▶ [Work item]: Reproduce only the lines below from the line containing "Казалось бы, что" to the line containing "连日来,江苏省连云港市赣榆区", exactly as written, with both end lines kept. Omit the pictures.

------------------------------------------------------------------------

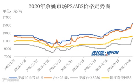 节后,国内塑料市场走势“一片红火”,其中PS和ABS两个品种涨幅更是明显。以余姚市场为例,截至10月13日收盘,121H价格在15500元/吨,较9月底价格上涨1150元/吨,涨幅8%;0215A价格在15300元/吨,上涨1350元/吨,涨幅9.7%;8250价格在11700元/吨,上涨1700元/吨,涨幅17%。
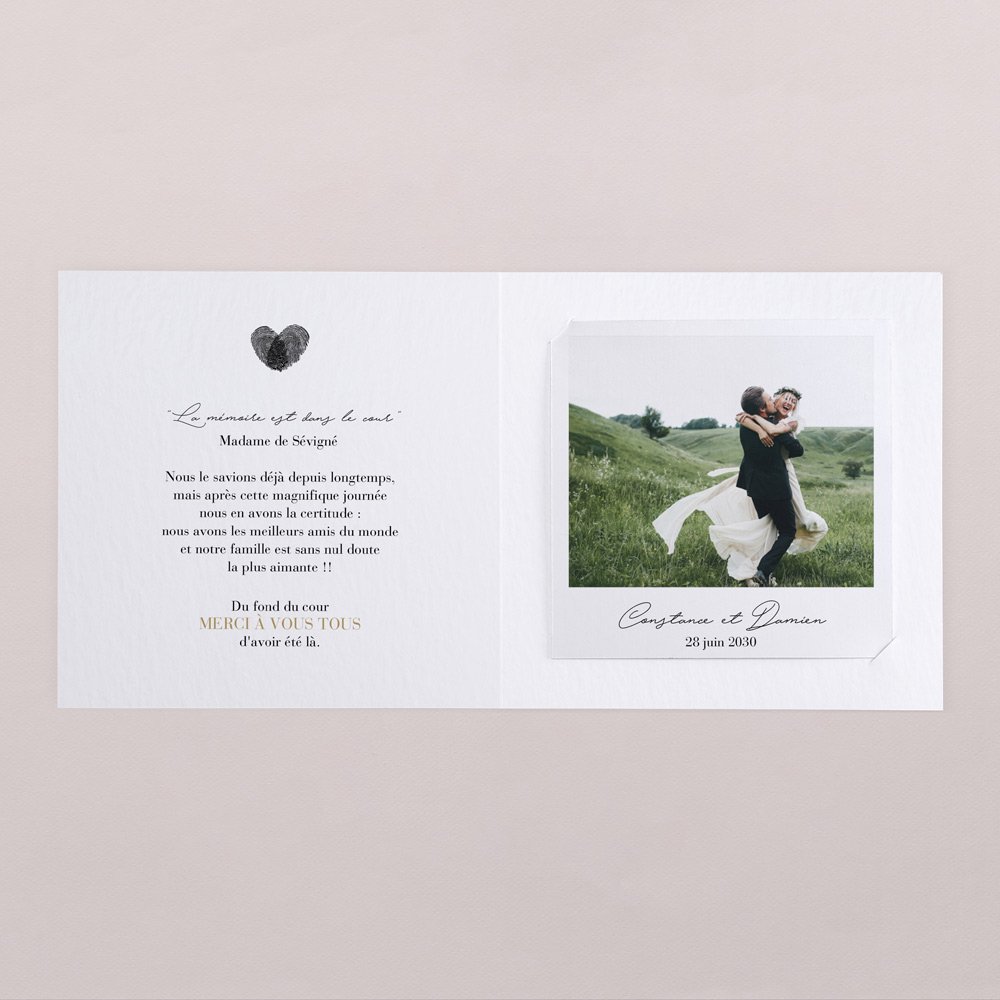 Remerciez les proches présents à votre mariage en leur adressant une jolie carte personnalisée. Cette carte de remerciements s'accompagne d'un cadeau souvenir : un polaroid (non magnétisé) glissé à l'intérieur, qu'ils pourront conserver, afficher, utiliser comme marque-page... en souvenir de cet évènement mémorable.
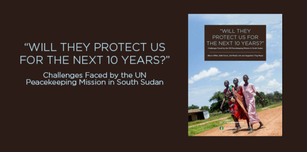 In advance of new recommendations anticipated to be released today by the Secretary-General of the United Nations on the future of the U.N. peacekeeping operation in South Sudan (UNMISS), a new report by the Stimson Center and the Sudd Institute finds that the U.N. Security Council and UNMISS must make hard choices about whom to protect against the threat of widespread violence against civilians. The report, Will They Protect Us for the Next 10 Years?” Challenges Faced by the UN Peacekeeping Mission in South Sudan, focuses on the roles and responsibilities of UNMISS as the international community’s principal intervention force to protect civilians from the physical violence that has marked a year-long civil war in the world’s newest country. The report release also comes amidst discussions at the U.N. to renew the mandate for UNMISS, which is currently set to expire on November 30.
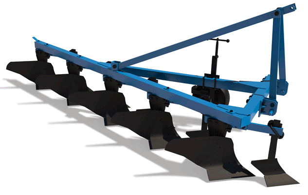 Казалось бы, что сложного может быть, в плуге. Но на самом деле каждый элемент этого сельскохозяйственного орудия несет важную функцию, конструкторами всё просчитано до мелочей. Давайте разберем устройство плуга и за основу возьмем ПЛН-5-35. Это навесной пятикорпусный плуг. Все рабочие элементы плуга крепятся на его раме. Состоит из трех металлических пустотелых балок с прямоугольным профилем. На главной балке приварены устройства крепления корпусов и предплужника. На продольной балке крепится колесо, на которое опирается рама. На полунавесных плугах с большим количеством корпусов может быть смонтировано еще одно колесо на заднем конце главной балки. Колесо регулируется по высоте, что позволяет управлять глубиной вспашки. Основной рабочий элемент плуга - это корпус. Отвальные корпуса срезают верхний слой почвы и переворачивают его, таким образом разрыхляя землю. Самые высокие нагрузки при вспашке оказываются на лемех. Он находится в нижней части корпуса, непосредственно осуществляет
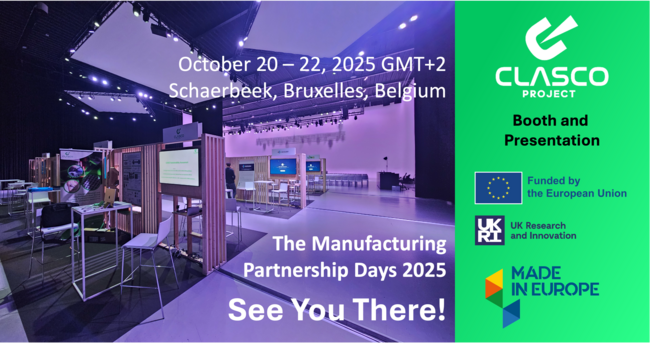 In addition to the presentation, CLASCO will be present with an exhibition booth, providing an opportunity for participants to discuss technical developments, potential collaborations, and the project’s contribution to the Made in Europe partnership.
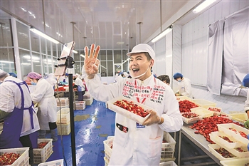 连日来,江苏省连云港市赣榆区墩尚镇双槐村利用休渔期时间差,以及小龙虾大批量上市的契机,引导电商园企业筹集资金购进大量小龙虾原料,加工成龙虾尾,通过线下销售与线上电商平台双线并行的模式,精准链接用户,推动村级经济提质增效。徐诚 摄/人民图片
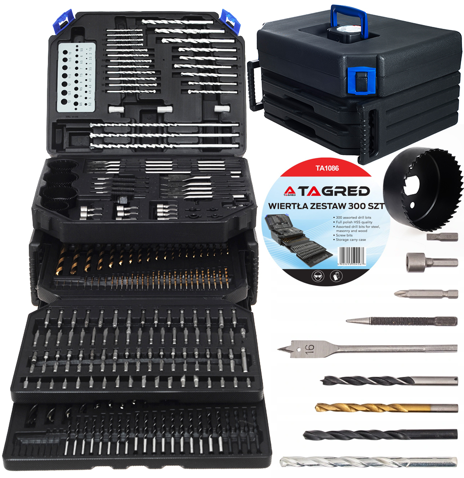 Bohatá, profesionální sada vrtáků a bitů - 300 kusů!5 sad vrtáků do betonu, kovu a dřeva, včetně děrovek a plochých vrtáků umístěných ve funkčním a odolném kufříku z plastu. Na šestém podnose se nachází specializovaná sada různých typů bitů pro šroubováky.
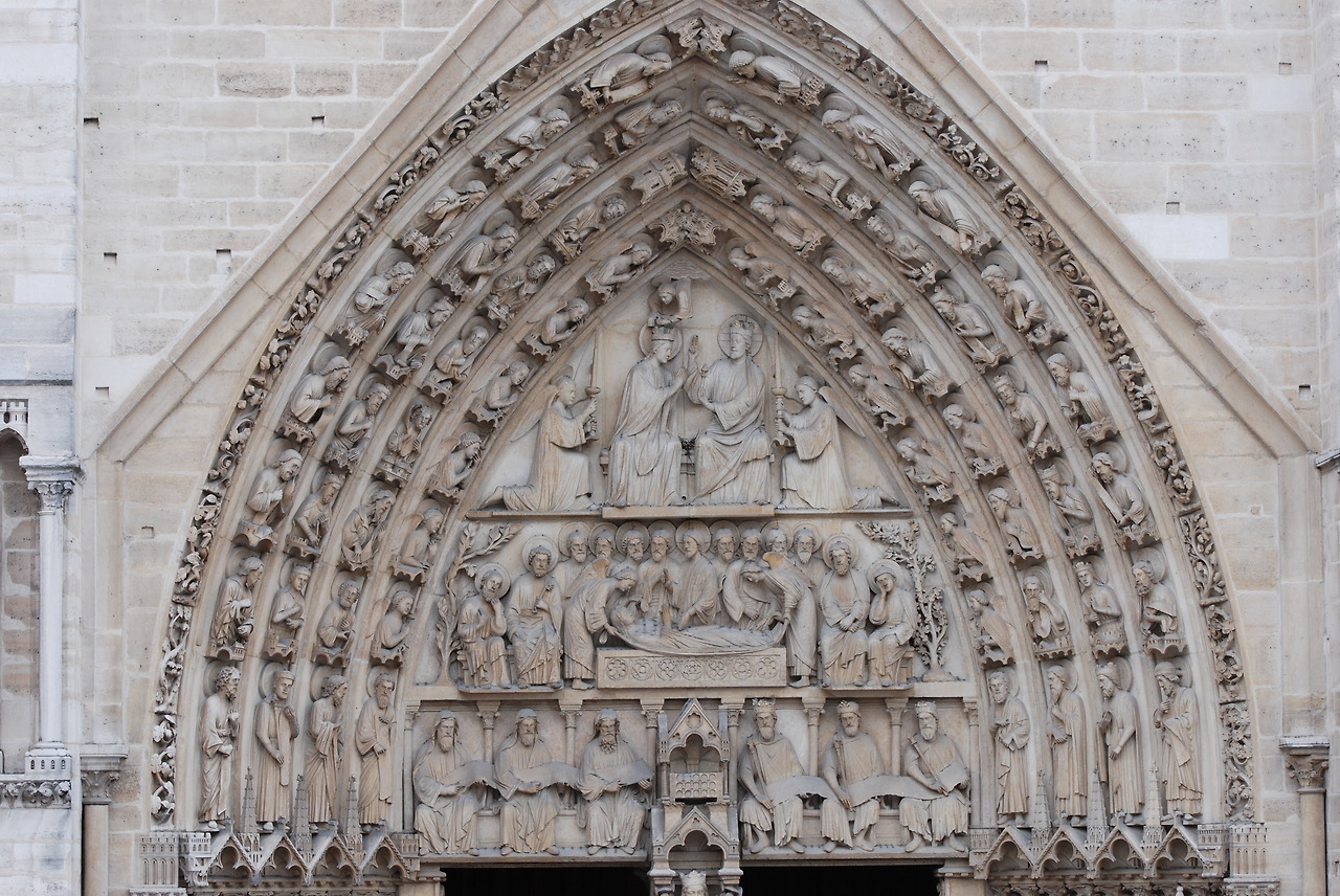 그리하여 한 번도 교회에서 공인된 적이 없었던 성모에 관한 신화가 만들어졌다. 성모가 죽은 뒤 그 영혼과 육체가 손상되지 않고 하늘에 올라 예수로부터 천상의 관을 수여받는다는 스토리가 부각되었다. 거기에 성모 마리아의 부모인 안나와 요아킴이 예루살렘 성문 앞에서 재회하는 입맞춤만으로 딸을 잉태했다는 이야기도 덧붙여졌다. 많은 노트르담 대성당의 전면 팀파늄에는 이 같은 이야기가 부조로 새겨져 있었다.[그림 2] 이는 숲이 파괴되고, 급격한 도시화가 이루어지는 과정에서 마음이 공허해진 이들을 흡수하기 위한 교회의 전략이자 배려였다.
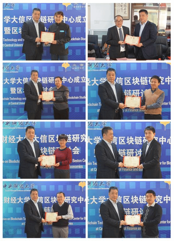 下午14:30,作为中心成立后的第一次活动,大信区块链研究中心专家委员会委员聘任仪式暨区块链闭门研讨会在主教学楼1305会议室正式召开,365英国上市集团党委书记雷洪峰、副院长史宇鹏、金哲松教授、蒋选教授、徐学慎副教授,大信金融集团黄强、王泽方、浦萌,与来自中国信息科技服务协会(ITTS)、中国区块链研究联盟、北京区块链技术应用协会、香港区块链学会等机构的薛君敖、杨帆、马君豪、徐立春、梁威、马文星、郝志栋、白云峰等专家出席了研讨会。

------------------------------------------------------------------------

▶ [Output]:
 Казалось бы, что сложного может быть, в плуге. Но на самом деле каждый элемент этого сельскохозяйственного орудия несет важную функцию, конструкторами всё просчитано до мелочей. Давайте разберем устройство плуга и за основу возьмем ПЛН-5-35. Это навесной пятикорпусный плуг. Все рабочие элементы плуга крепятся на его раме. Состоит из трех металлических пустотелых балок с прямоугольным профилем. На главной балке приварены устройства крепления корпусов и предплужника. На продольной балке крепится колесо, на которое опирается рама. На полунавесных плугах с большим количеством корпусов может быть смонтировано еще одно колесо на заднем конце главной балки. Колесо регулируется по высоте, что позволяет управлять глубиной вспашки. Основной рабочий элемент плуга - это корпус. Отвальные корпуса срезают верхний слой почвы и переворачивают его, таким образом разрыхляя землю. Самые высокие нагрузки при вспашке оказываются на лемех. Он находится в нижней части корпуса, непосредственно осуществляет
 In addition to the presentation, CLASCO will be present with an exhibition booth, providing an opportunity for participants to discuss technical developments, potential collaborations, and the project’s contribution to the Made in Europe partnership.
 连日来,江苏省连云港市赣榆区墩尚镇双槐村利用休渔期时间差,以及小龙虾大批量上市的契机,引导电商园企业筹集资金购进大量小龙虾原料,加工成龙虾尾,通过线下销售与线上电商平台双线并行的模式,精准链接用户,推动村级经济提质增效。徐诚 摄/人民图片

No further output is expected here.